The lady with the strip across her face is my assistant Nicole,aka the one who helped me to not freak out and she and her daughter fixed the webbing and made it a thousand times better then i could have. And she repainted the sign too! she's a lifesaver!

The two other people are good friends who kept me company, Andrew and Medda beam Andrew was awesome. he fixed my fogger when it went out and made the trek down to the corner store to get all of us drinks. Medda joined the rest of us handing out candy and took pictures.

we had a few minions who after they came back from making the rounds, took over handing out candy thus allowing us to slack off and man the cd player. mainly the little pixie, she got a real kick out of handing out the candy too.

I'm definitely going to expand the next year.

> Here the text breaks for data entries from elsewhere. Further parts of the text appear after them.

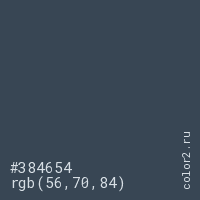 Цвет #384654 в цветовой модели RGB обозначается тремя октетами (56, 70, 84) в десятичном формате и #384654 в шестнадцатиричном (hex) формате, которые являются интенсивностью красного 56 (hex 38), интенсивность зелёного 70 (hex 46) и интенсивность синего 84 (hex 54).
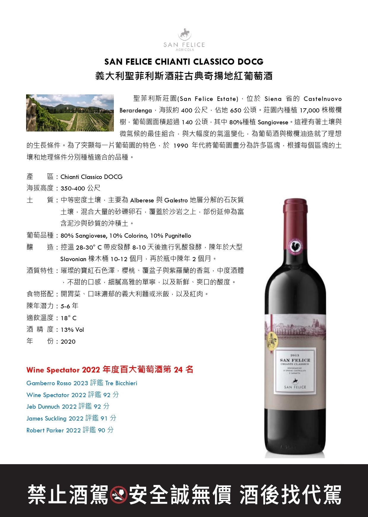 聖菲利斯莊園(San Felice Estate),位於Siena省的Castelnuovo Berardenga,海拔約400公尺,佔地650公頃。莊園內種植17,000株橄欖樹,葡萄園面積超過140公頃,其中80%種植Sangiovese。這裡有著土壤與微氣候的最佳組合,與大幅度的氣溫變化,為葡萄酒與橄欖油造就了理想的生長條件。為了突顯每一片葡萄園的特色,於1990年代將葡萄園畫分為許多區塊,根據每個區塊的土壤和地理條件分別種植適合的品種。
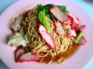 新加坡的云吞面很有可能是受了香港美食的影响,但是渐渐也根深蒂固的有了自己的文化特色。“干”的云吞面,浇上一些淡甜酱,几片叉烧,猪肉馅儿的云吞饺,再配上一小碗汤,就构成了最典型的新加坡版本的云吞面。如果喜欢吃辣,可以在面中加入辣椒酱,给小孩子吃的不辣的面中则是用甜番茄酱调制的。有的云吞饺是炸过配在面中,有的则是煮过放在汤中的。
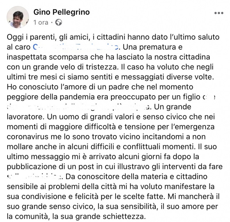 Questo quanto comunicato dal Sindaco Pellegrino
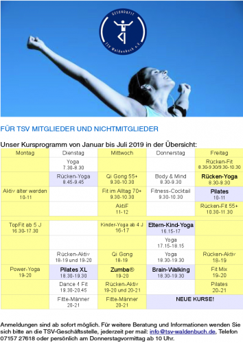 Wir freuen uns, viele Bekannte und auch neue Teilnehmer begrüßen zu können. Zur Übersicht unser Angebot von Montag bis Freitag.
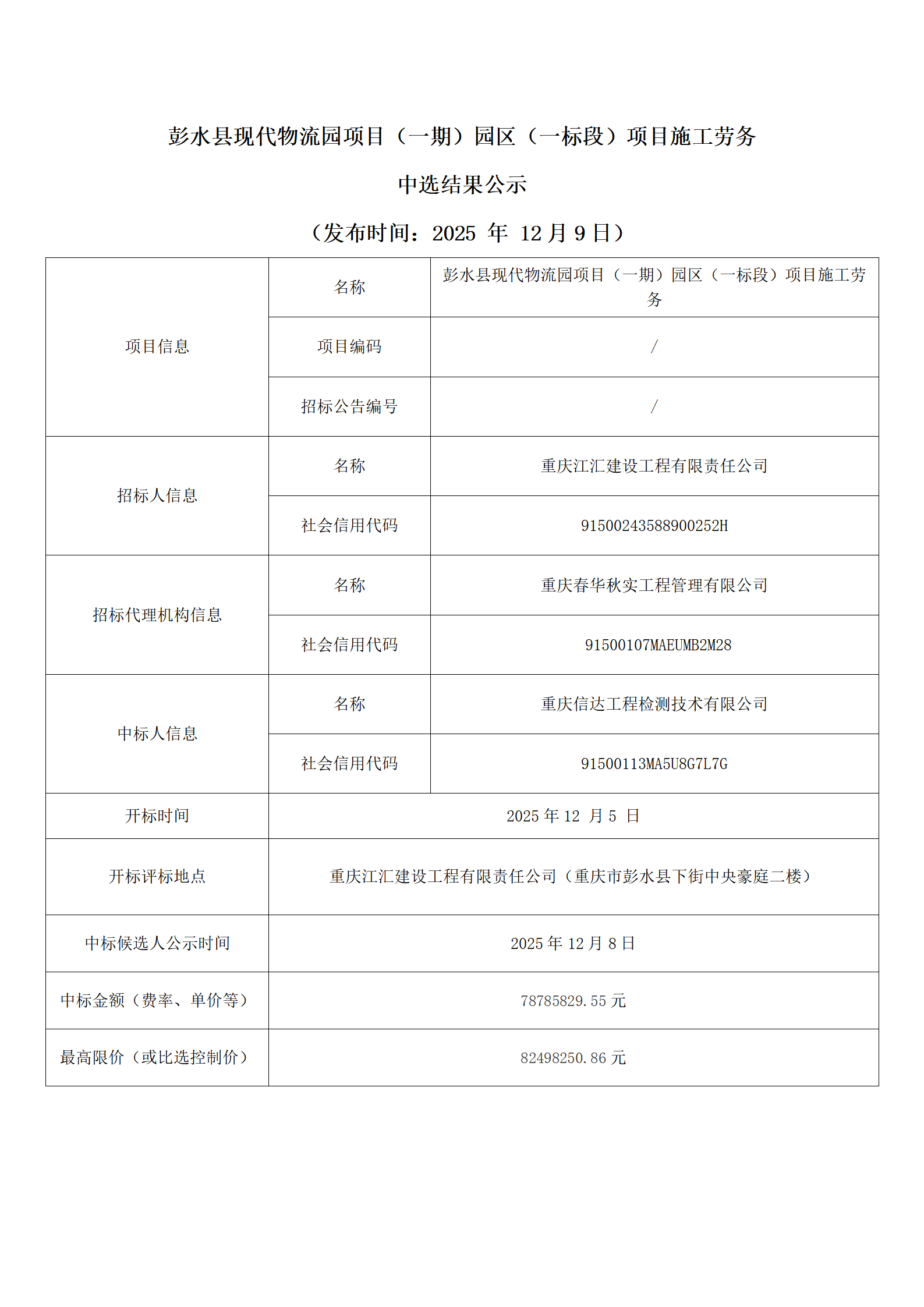 彭水县现代物流园项目(一期)园区(一标段)项目施工劳务中选结果公示

I know its not nearly as big or flashy as the others, but i'm proud of it!

what do yall think?


----------



## RoxyBlue (Oct 6, 2008)

The little pixie is adorable, and your helpers looked like they were having a great time Having willing hands to assist on Halloween makes such a difference. You can actually relax a bit and enjoy yourself and your guests.

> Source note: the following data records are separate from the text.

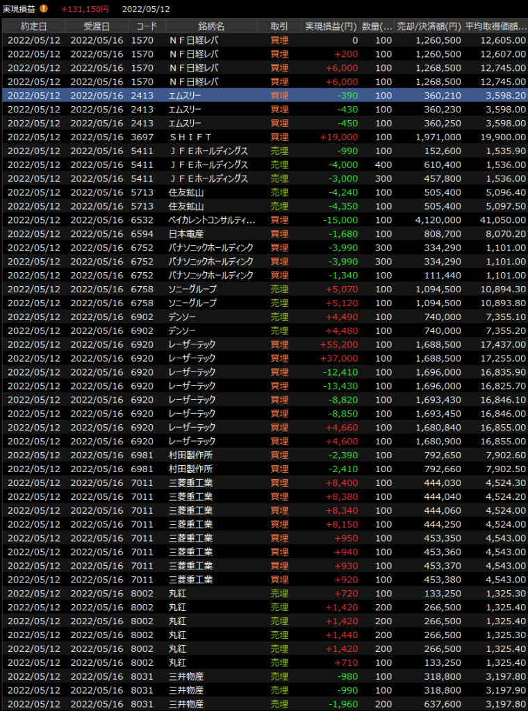 5/12(木)リスクオフ<デイトレ結果>
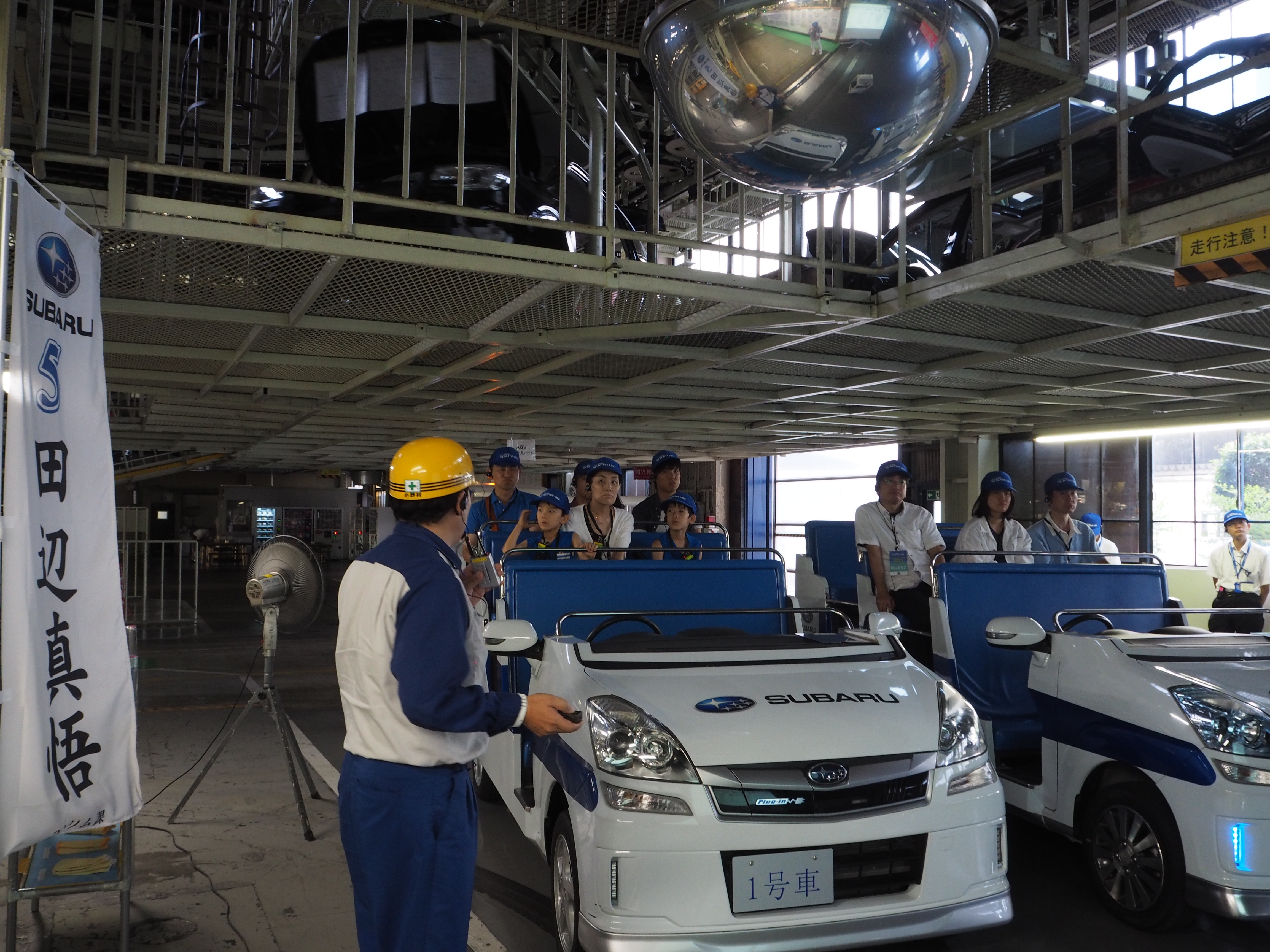 その工場見学で使われている電気自動車が、これ。なんと、富士重工業が2009年から発売していた「プラグイン ステラ」が活躍していたのです。サファリパークを見学する車両と同じようにオープンボディに改装され、見学者を乗せて力強く、そして静かに構内を回るのです。ちなみに当時の市販車の価格は、472万5000円でした。
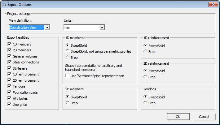 Internal and free tendons can be exported as AdvancedSweptSolid or Brep. For import as native SCIA Engineer element only AdvancedSweptSolid representation is supported. Tendon with Brep is imported as a general volume.
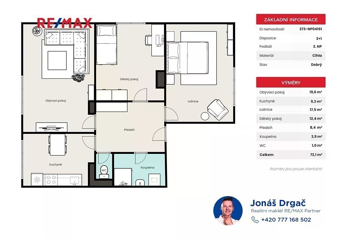 Představujeme vám byt 3+1 o velikosti 73 m², který nabízí pohodlí, klid a prostor pro celou rodinu. Nachází se ve 2. nadzemním podlaží malého cihlového domu o 4 bytových jednotkách v Tlusticích u Hořovic. Byt prošel rekonstrukcí před 10 lety - najdete zde moderní kuchyň, koupelnu, WC a nová plastová okna. Stačí se nastěhovat a začít bydlet bez dalších investic. Hlavní výhody této nemovitosti: Klidná lokalita obklopená přírodou a lesy Rychlá dostupnost do Hořovic i Prahy Možnost využití jako investice s výnosem až 18 000 Kč měsíčně Malý a klidný dům se skvělými sousedy Možnost využití zahrádky kolem domu Nabízí se zde také možnost odkoupení zděné garáže (20 m²) za 599 000 Kč, díky které budete mít o parkování vždy postaráno. Nekryté parkování je také možné i před domem. Občanská vybavenost (v Hořovicích - cca 5 minut autem): Supermarkety: Lidl, Penny Market, Billa Nemocnice Hořovice Poliklinika a lékařské ordinace Mateřské školy, základní školy, gymnázium Pošta, banky, bankomaty Restaurace, kavárny, cukrárny Sportovní areál Hořovice (fotbal, atletika) Koupaliště Hořovice Kulturní dům a kino Doprava: Vlaková stanice Hořovice - spojení do Prahy (cca 45-50 min) Autobusové linky směr Beroun, Zdice, Praha Volnočasové a turistické cíle v okolí: Hrad Točník a Žebrák - ikonické středověké hrady (10 min autem) Zámek Hořovice s krásným parkem Karlštejn (25 min autem) Křivoklát (30 min autem) Brdy - CHKO Brdy - turistika, cyklistika, houbaření Beroun (20 min) Plzeň (45 min) Praha Zličín (30 min po dálnici D5) Cyklostezky a turistické stezky přímo v okolí Tlustic a Hořovic Lesy vhodné na procházky, běh, houbaření a relaxaci Přijďte se podívat osobně. Tento byt může být vaším novým domovem plným klidu a pohody už letos. Rádi pomůžeme také s financováním.
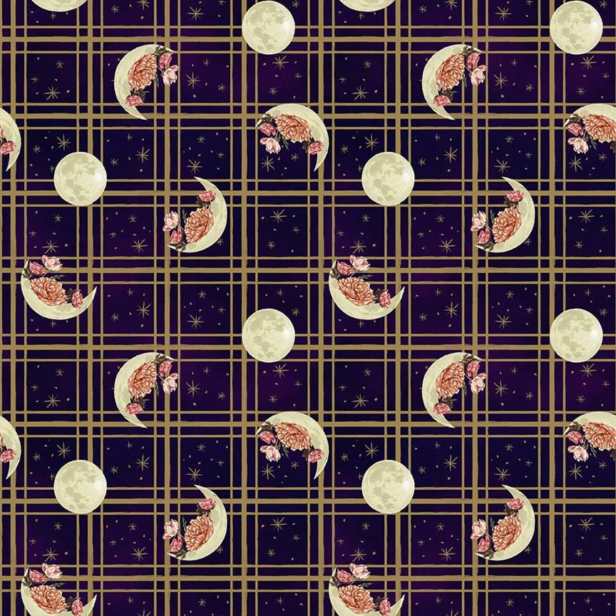 Midnight Rendezvous Dark Purple Moons with Flowers on Plaid

I see that all the props you worked so hard on all year found their rightful places in the orphanage. You're lucky, though, that a fight didn't break out over who got to ride the skelecycle:jol:


----------



## CreeepyCathy (Mar 28, 2009)

looks great! love your theme!!


----------



## beelce (Jul 21, 2007)

Nice job Dark Angel....you should be proud....love all the wee ones you create....


----------



## Vlad (Aug 2, 2005)

Nice job DA, looks like everyone had a fun night. I liked the use of the pet carrier, lol.


----------



## Darkmaster (May 9, 2009)

Looks like a fun time.


----------



## Dark Angel 27 (Sep 11, 2008)

Thanks guys for the kind words.


----------



## niblique71 (Dec 2, 2009)

Great Job DA. IT's Nice to have friends isn't it???  You should be proud, and it looks like you had an amazing good time, and that matters most. We're all looking forward to seeing how you expand your haunt.


----------